Quanto ao mérito, destaca-se o seguinte trecho do acórdão do Tribunal de
origem:

(...) No que concerne ao mérito, tem decidido este Tribunal que, por ser
“flagrante a disparidade entre os valores previstos na ‘Tabela
Única Nacional de Equivalência de Procedimentos - TUNEP –
elaborada pela Agência Nacional de Saúde Complementar – ANS
para uniformização dos valores a serem ressarcidos ao SUS pelas operadoras
de planos privados de assistência à saúde – e aqueles constantes da
‘Tabela de Procedimentos Ambulatoriais e Hospitalares do
Sistema Único de Saúde - SUS’, impõe-se a uniformização de tais
valores, de forma que, para um mesmo procedimento médico, no
âmbito do SUS, o pagamento devido às unidades hospitalares que
o realizaram se realize pelo mesmo montante cobrado às
operadoras de planos privados de assistência médica,
prestigiando-se, assim, os princípios da razoabilidade, da
proporcionalidade, da isonomia de tratamento e da segurança

jurídica" (AC 0036162-52.2016.4.01.3400/DF, Desembargador Federal
Souza Prudente, 5T, e-DJF1 22/08/2018.). Entre diversos outros, confiram-
se: AC 0045216-42.2016.4.01.3400, Juiz Federal Convocado César Jatahy
Fonseca, 6T, PJe 19/12/2019; AC 0012967-
04.2017.4.01.3400,Desembargador Federal Jirair Aram Meguerian, 6T, e-
DJF1 09/10/2019; AC 0053469-19.2016.4.01.3400, Desembargador Federal
Daniel Paes Ribeiro, 6T, e-DJF1 31/07/2019; AC1008036-04.2018.4.01.3400,
Desembargador Federal Roberto Carlos De Oliveira, 6T, PJe04/07/2019.
(destaquei)

Nota-se que a Corte a quo decidiu a controvérsia com fundamento nos princípios
da razoabilidade, da proporcionalidade, da isonomia de tratamento e da segurança
jurídica.

No recurso especial, a parte aponta como violados os arts. 18, X, 26, 47 da Lei
8.080/1990 e 32 da Lei 9.656/1998.

De plano, da leitura do inteiro teor do aresto recorrido, verifica-se ausência de
manifestação da Corte de origem sobre a tese recursal com enfoque nos dispositivos
legais tido por violados. Assim, resta patente a ausência do indispensável requisito do
prequestionamento, circunstância que atrai, o óbice das Súmulas 282/STF e 211/STJ,
respectivamente: "É inadmissível o recurso extraordinário, quando não ventilada, na
decisão recorrida, a questão federal suscitada" ; "Inadmissível recurso especial quanto
à questão que, a despeito da oposição de embargos declaratórios, não foi apreciada
pelo tribunal a quo" .

Ademais, verifica-se a inexpressividade do texto legal frente à discussão carreada
nos autos. Eventual violação a lei federal seria reflexa, o que atrai a incidência da
Súmula 284/STF: "É inadmissível o recurso extraordinário, quando a deficiência na
sua fundamentação não permitir a exata compreensão da controvérsia."

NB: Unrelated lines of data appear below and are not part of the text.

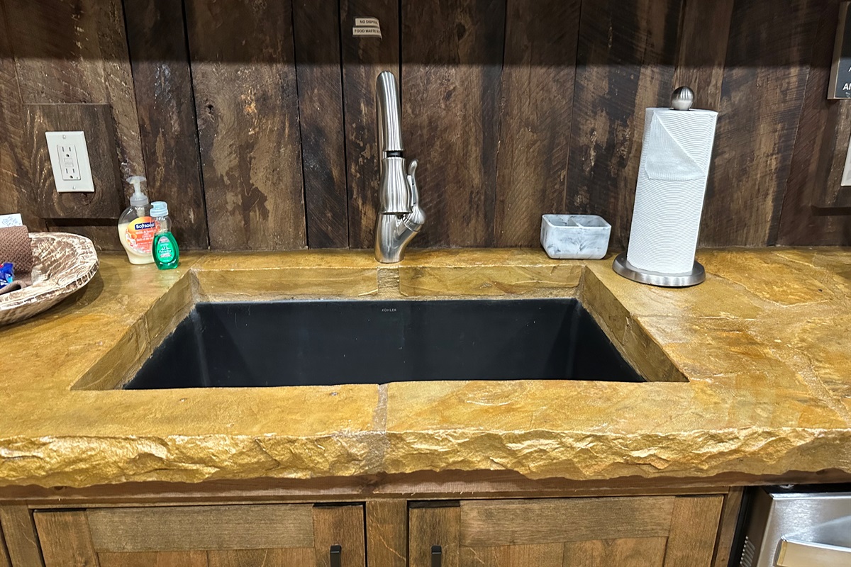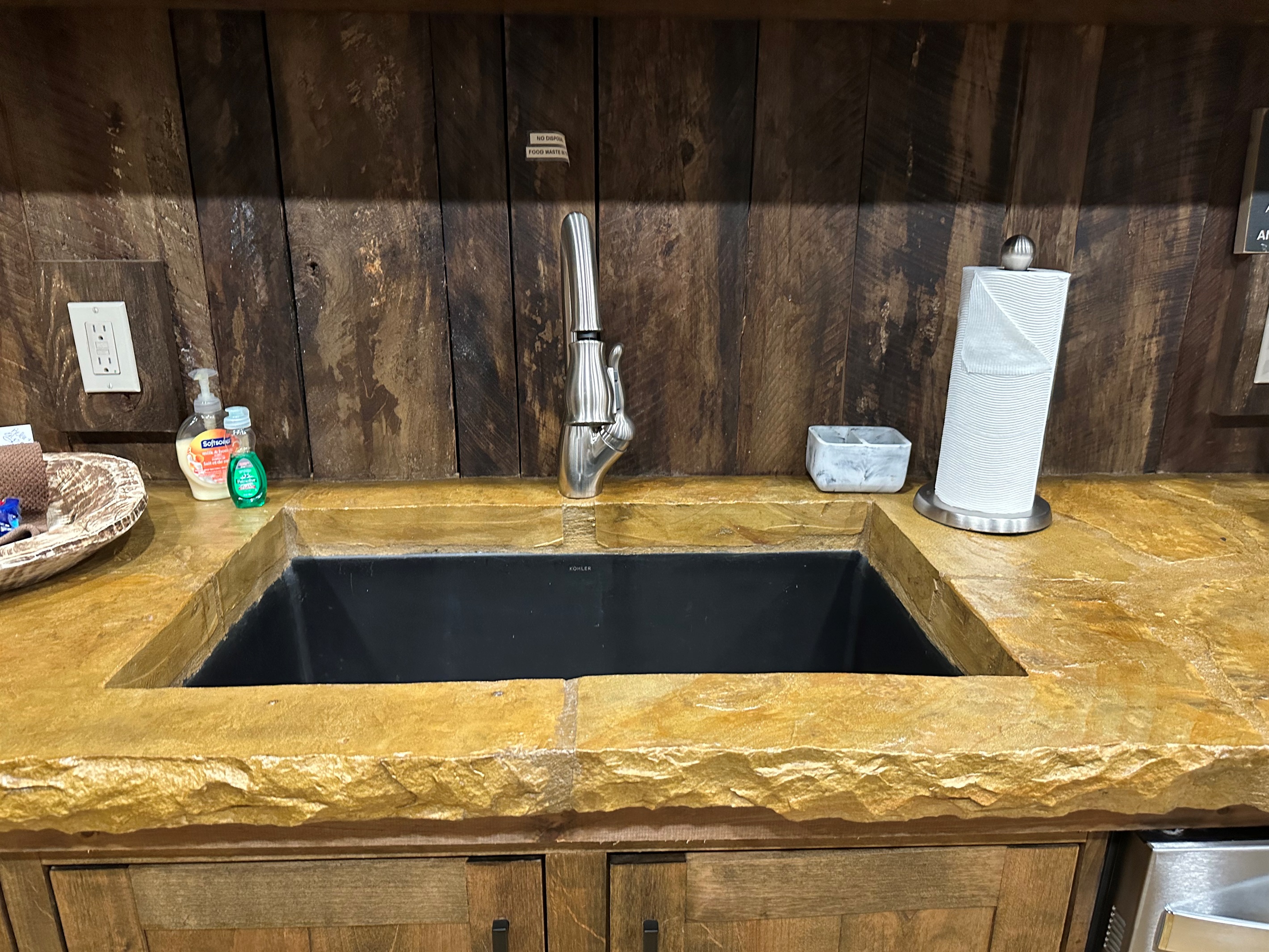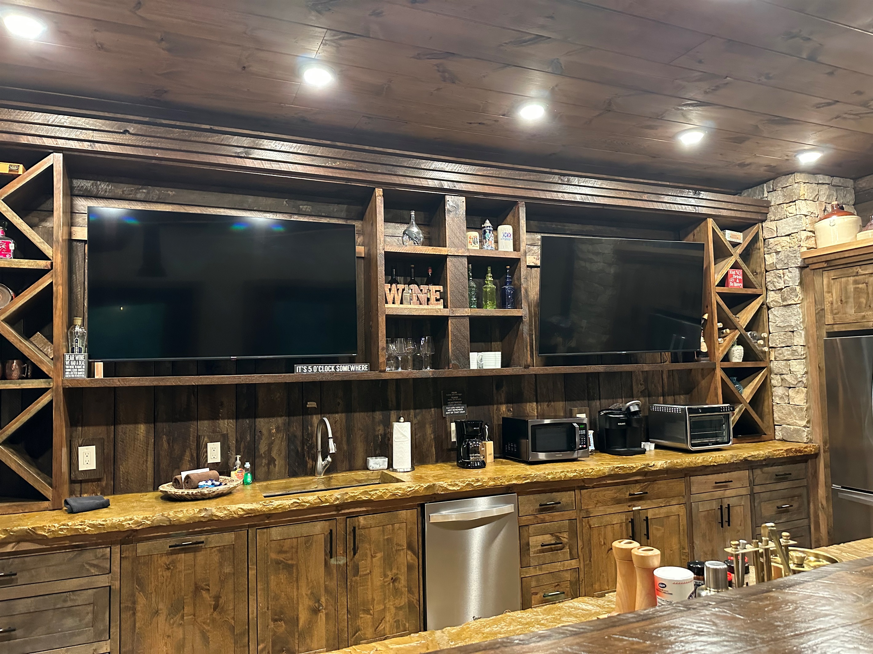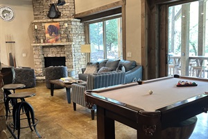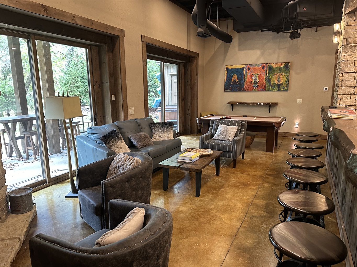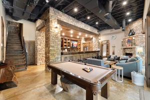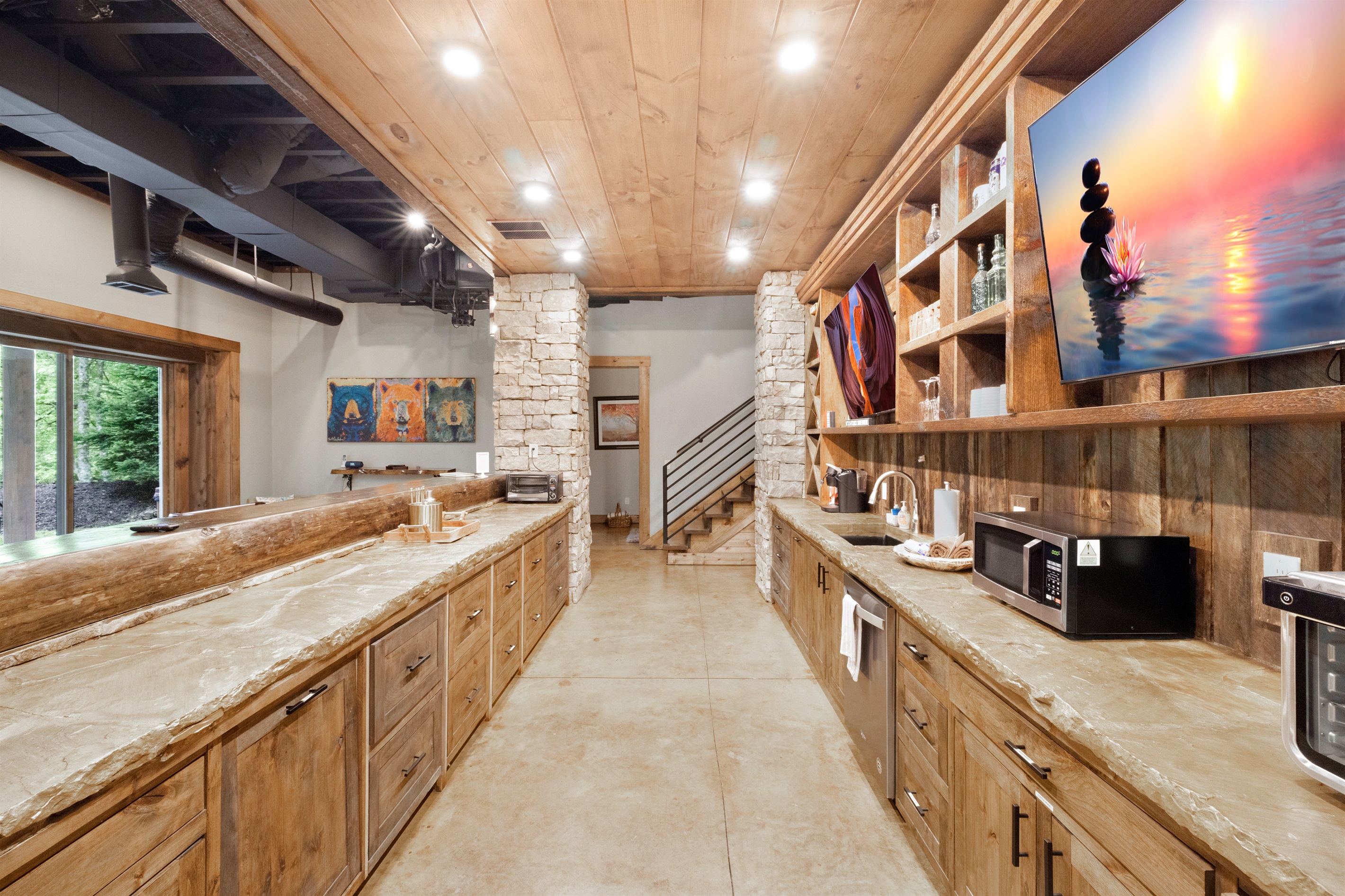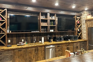 Unwind in the expansive great room, where friends and family can gather around the stacked stone gas fireplace or enjoy movies on two flat-screen TVs. The large bar offers ample seating for 8, perfect for sharing meals or enjoying a cocktail. Our kitchen is equipped with a sink, full-size refrigerator, dishwasher, microwave, cooktop, a Ninja Foodi XL Pro Air Oven, and a crockpot—everything you need to prepare delicious meals.
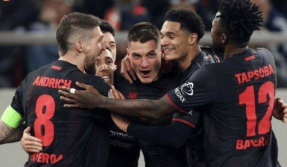 ไบเออร์ เลเวอร์คูเซ่น คว้าชัยชนะ 2-0 ในเกมเยือนเหนือโอลิมเปียกอส โดยแพทริค ชิค ทำประตูได้สองครั้ง กลายเป็นนักเตะคนที่สองของสโมสรที่ทำประตูได้สองลูกในเกมน็อคเอาท์ของยูฟ่า แชมเปียนส์ลีก กรณีก่อนหน้านี้เกิดขึ้นเมื่อไมเคิล บัลลัค ทำสถิตินี้ได้ในรอบก่อนรองชนะเลิศปี 2002 กับลิเวอร์พูล
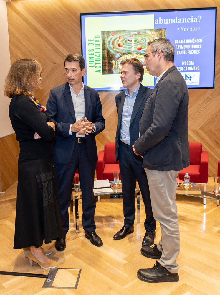 El pasado 7 de noviembre, dentro del ciclo de conferencias los Lunes de Actualidad, el Colegio Notarial de Madrid celebró el coloquio ¿El final de la abundancia? Riesgos económicos y escenarios contra la crisis. Intervinieron Rafael Doménech, director de Análisis Económico de BBVA Research; Raymond Torres, director de Coyuntura Económica de FUNCAS; y Daniel Fuentes, director de Kreab Research. El encuentro estuvo moderado por Rebeca Gimeno, economista y jefa de Economía del periódico NIUS. Los expertos analizaron la actual coyuntura económica en el contexto de la crisis energética y la guerra de Ucrania, y propusieron soluciones a los problemas con una mirada de largo plazo.
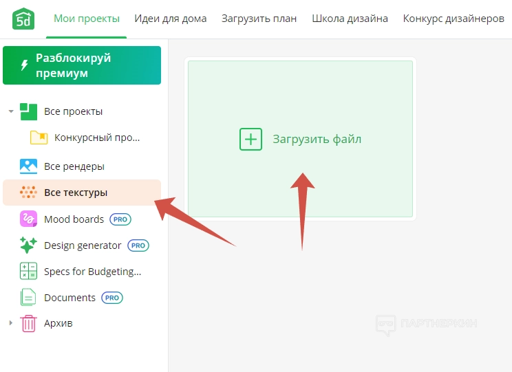- Панель проектов – предоставляет доступ к проектам, рендерам, загруженным текстурам и разным документам.

Ainda que assim não fosse, a modificação do julgado, nos moldes pretendidos,
demandaria o reexame do acervo fático-probatório constate dos autos,
providência incompatível com a via estreita do recurso especial, de acordo com a
Súmulas 7 do STJ. À propósito:

PROCESSUAL CIVIL E ADMINISTRATIVO. SISTEMA ÚNICO DE SAÚDE.
ASSISTÊNCIA COMPLEMENTAR DE SAÚDE. REDE PRIVADA. TABELA
DE PROCEDIMENTOS AMBULATORIAIS E HOSPITALARES.
LEGITIMIDADE DA UNIÃO. RESPONSABILIDADE SOLIDÁRIA. SÚMULA
83/STJ. REVISÃO. EQUILÍBRIO ECONÔMICO-FINANCEIRO. RESGATE.
LEGITIMIDADE PASSIVA. SENTENÇA MANTIDA. VIOLAÇÃO DE
ARTIGOS CONSTITUCIONAIS. IMPOSSIBILIDADE DE ANÁLISE. MÉRITO
BASEADO NO CONJUNTO FÁTICO-PROBATÓRIO E NAS CLÁUSULAS DO
CONTRATO. REVISÃO. IMPOSSIBILIDADE. SÚMULAS 5 E 7 DO STJ.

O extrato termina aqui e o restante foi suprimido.